• Task goal
Copy all the data exactly, except the pictures.

• Data block
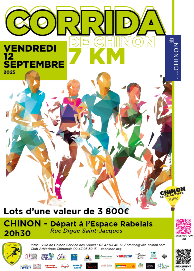 Course à piedCette course se déroule dans le centre ville de Chinon. Le départ et l'arrivée se situe à l'espace Rabelais (proche du lycée) de Chinon. Après une petite boucle dans le faubourg, vous traverserez le pont de Chinon avec une vue sur le château médiéval. Vous emprunterez les petites rues et passerez dans le coeur de la ville. Pour finir, vous reprenez le pont et faites un petit passage dans le faubourg pour accéder à l'arrivée.Tarif Âge Licencié Non-licencié Montant Tarif Plus de 16 ans 9,00 € - Le 12/09/2025 de 19h30 à 20h00
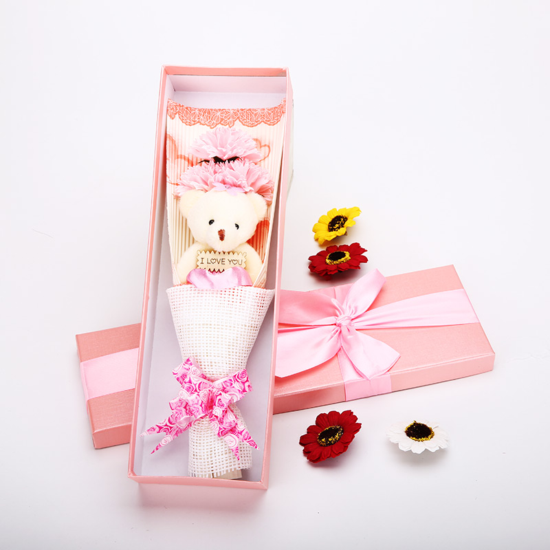 Ayıcıklı Sabun Çiçek çiçeklerden, ayıcıktan, paket ve kutudan oluşur. Annenize hediye ve sevgilinize hediye olarak alabilir, sürpriz yapabilirsiniz.
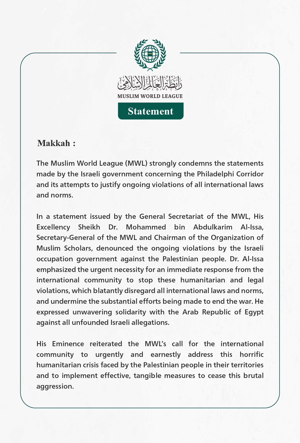 The Muslim World League (MWL) strongly condemns the statements made by the Israeli government concerning the Philadelphi Corridor and its attempts to justify ongoing violations of all international laws and norms.
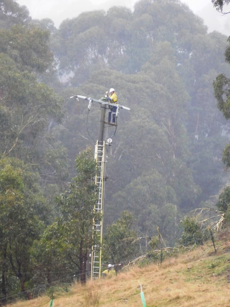 One just next door took out the power line. This guy is over ten metres up fixing it (four days later).

• Task response
 Course à piedCette course se déroule dans le centre ville de Chinon. Le départ et l'arrivée se situe à l'espace Rabelais (proche du lycée) de Chinon. Après une petite boucle dans le faubourg, vous traverserez le pont de Chinon avec une vue sur le château médiéval. Vous emprunterez les petites rues et passerez dans le coeur de la ville. Pour finir, vous reprenez le pont et faites un petit passage dans le faubourg pour accéder à l'arrivée.Tarif Âge Licencié Non-licencié Montant Tarif Plus de 16 ans 9,00 € - Le 12/09/2025 de 19h30 à 20h00
 Ayıcıklı Sabun Çiçek çiçeklerden, ayıcıktan, paket ve kutudan oluşur. Annenize hediye ve sevgilinize hediye olarak alabilir, sürpriz yapabilirsiniz.
 The Muslim World League (MWL) strongly condemns the statements made by the Israeli government concerning the Philadelphi Corridor and its attempts to justify ongoing violations of all international laws and norms.
 One just next door took out the power line. This guy is over ten metres up fixing it (four days later).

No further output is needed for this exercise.